As I was doing “laps” on the treadmill this morning, Jennifer Love Hewitt came on “Ellen” to give the dirt on the Bachelor and American Idol. Love was very upset that the Bachelor hurt Moana so badly. Man, that girl got slammed. She thought she was going home with Mr. Cheekbones. After she spent the afternoon picking out rings, turns out little Miss Goody-goody got it. But Miss Goody-goody got gypped, too. Love was very annoyed that Mr. Cheekbones gave her a ring on a chain. Cheesy City. Love speaks the truth.

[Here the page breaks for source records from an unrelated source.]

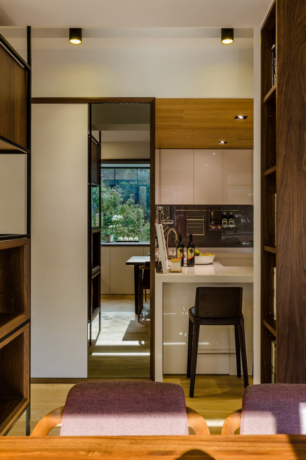 Στην κουζίνα, ντούλαπια απο λευκή λάκα συνδυάστηκαν με υποτονική απόχρωση του μωβ στους τοίχους και μοντέρνο πάτωμα από πλακίδια σε διάφορα σχέδια που δημιουργούν μωσαϊκό.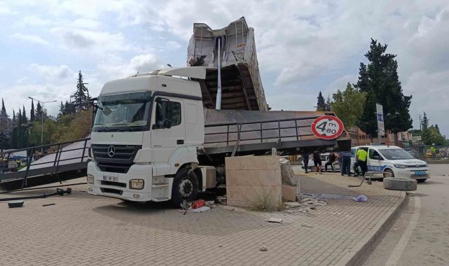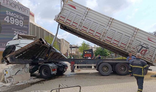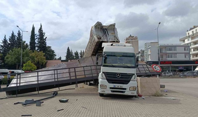 Adana'da damperi açılan tır üst geçide çarptı. Çarpmanın etkisiyle geçidin yarısı koparak tırın dorsesine sıkıştı, kazada kimse yaralanmadı. Tır sürücüsü ise, "Araçta uyarı olmadı, vurunca haberim oldu" dedi.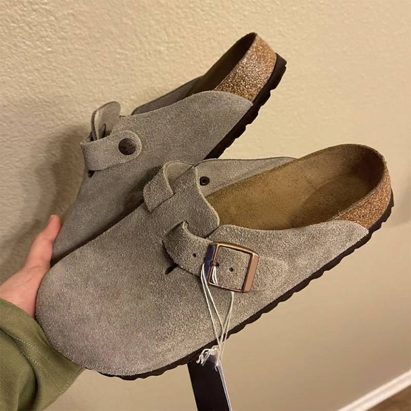 High Quality Cowhide Suede Leather Women's Mule Clog Shoes All Sizes Semi-Drag Comfortable Cork Sole Buckle for Spring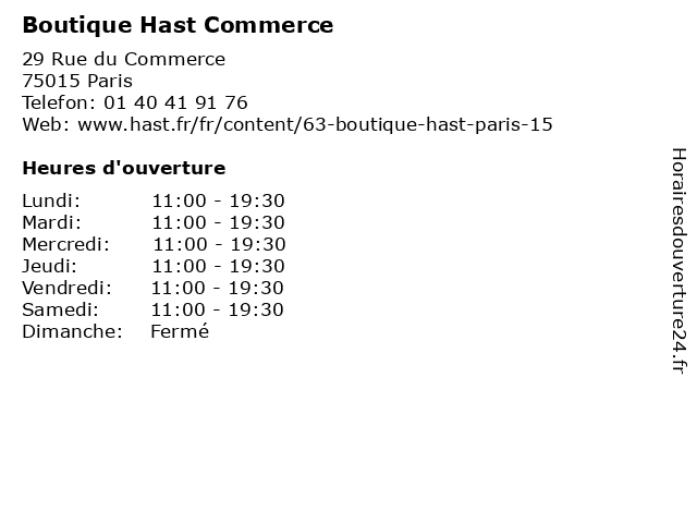 | Samedi | 11:00-19:30 |
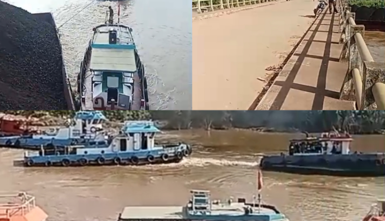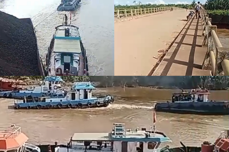 Video Amatir Rekam Detik-Detik Tongkang Batubara Hantam Jembatan Penghubung PTPN Bentayan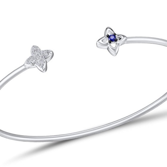 Sterling Silver Bangle Created Sapphire,White Cubic Zirconia (G309479CRSZSL925)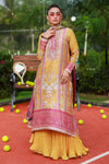 A stunning gold mustard raw silk long A-line shirt, featuring a kurta patti neckline with button detailing and fitted sleeves for a sleek silhouette. Paired with a medium silk crushed Dhaka adorned with gota work, roti, and sequins, this ensemble radiates festive charm and timeless elegance. .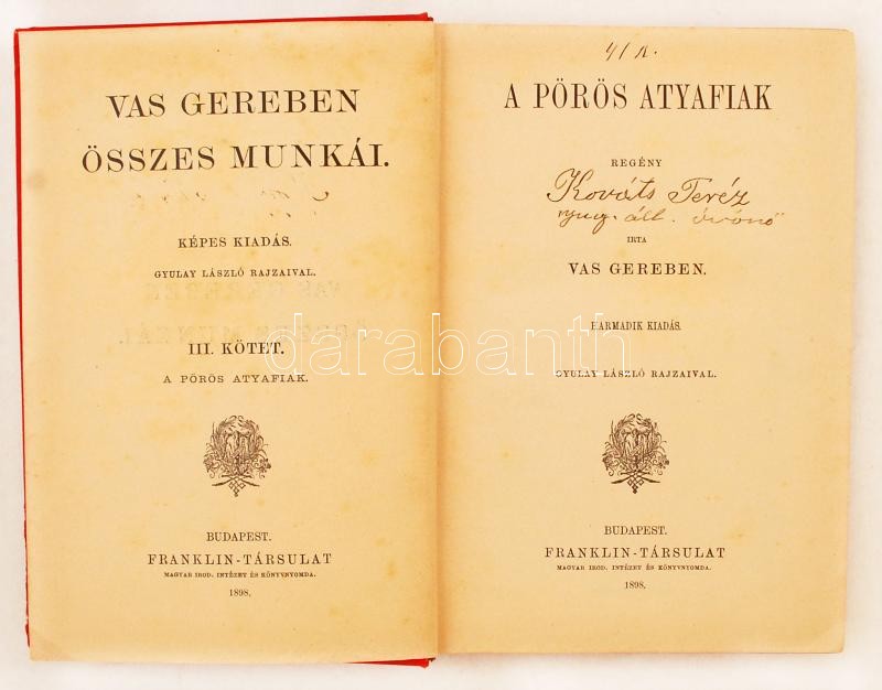 Vas Gereben Összes munkái. Képes kiadás. Gyulai László rajzaival. III. kötet. A Pörös atyafiak. Budapest, 1898, Franklin-Társulat. Díszes, illusztrált, kiadói egészvászon kötésben. Kissé foltos fedőborítóval, egyébként jó állapotban.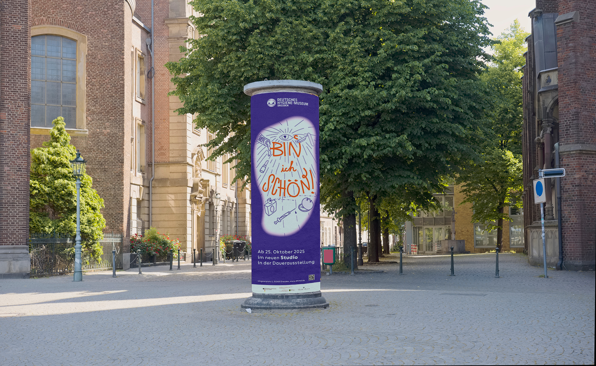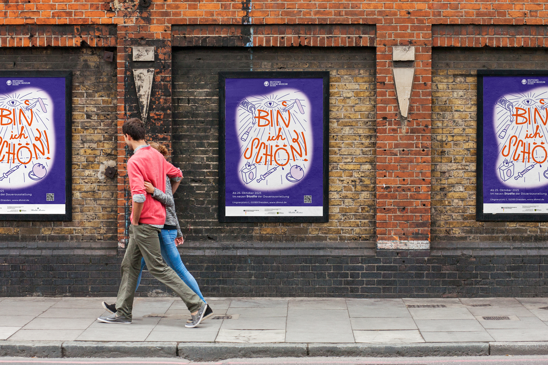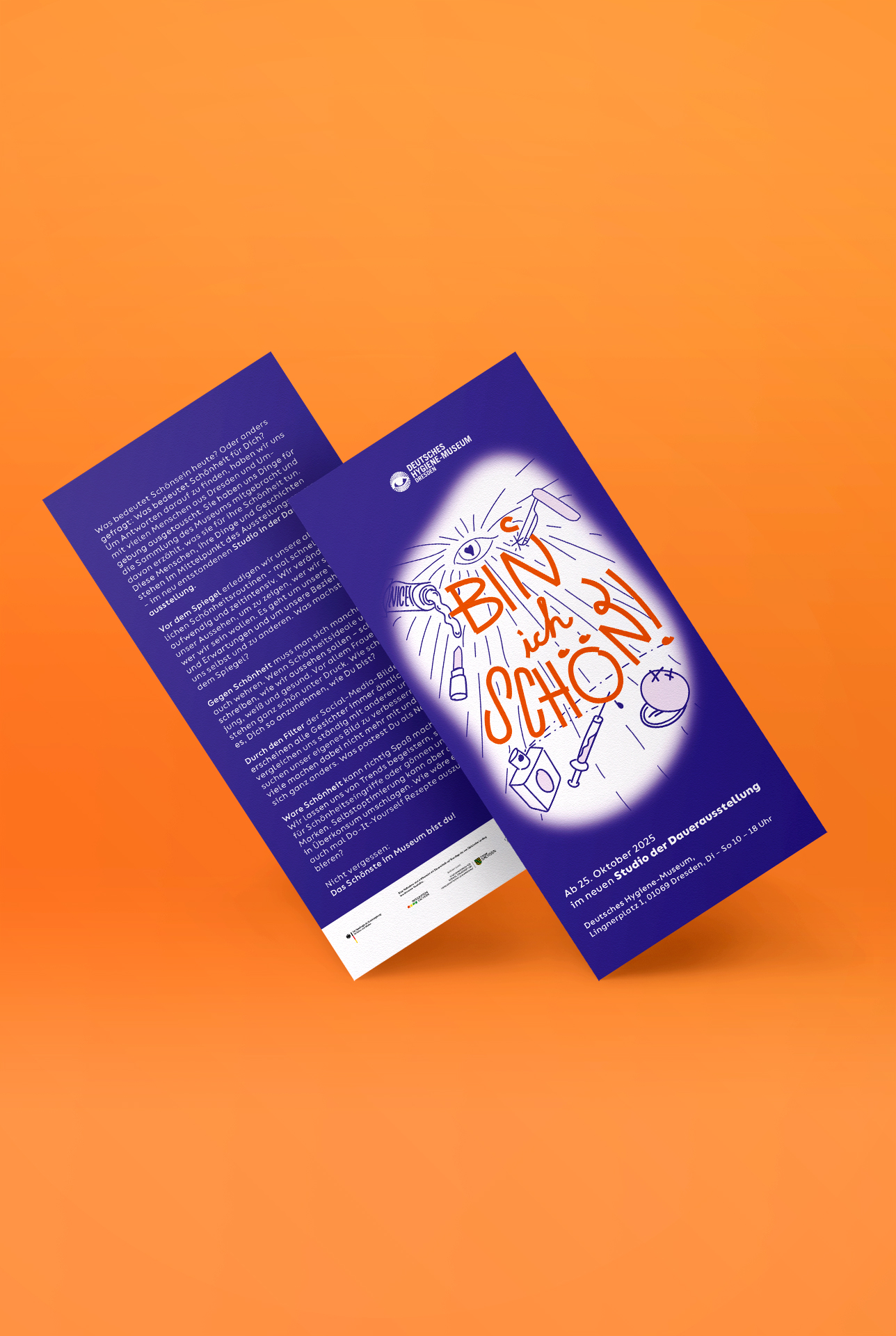 The visual concept translates the personal question of Beauty into an open, dialogical visual language. Concise typography and playful illustration of our supposed everyday beauty aids emphasize the inviting nature of the exhibition. This allows the exhibition to address visitors directly on both a rational level – as a reflection on societal ideals of beauty – and on an emotional level. “Bin ich schön!” will be on display in the studio for two years and will then be replaced by the results of future collection projects.

And then I decided to LIVE BLOG THE OSCARS. A blog event worth putting in bold. Have I seen any of the movies up for awards? Nope. Not one. See, Steve and I have decided that with our two evenings of babysitting time a month, we would rather use it drinking pints of Bass in smoky Jersey bars, rather than spending it in a darkened movie theater. Yeah, we’ve got to use our time wisely. We usually catch everything when it comes to Pay Per View, so when those cable rerun awards come around we’ll be ready.
I really don’t think that the fact that I haven’t seen the films should detract from my commentary. We can still talk about the clothes and face lifts. I hope they pull out Meg Ryan, because I want to see the latest atrocity on her face.
Of course, the number one reason to watch the Oscars on Sunday is to support my lover, Jon Stewart. Kisses, sweetie.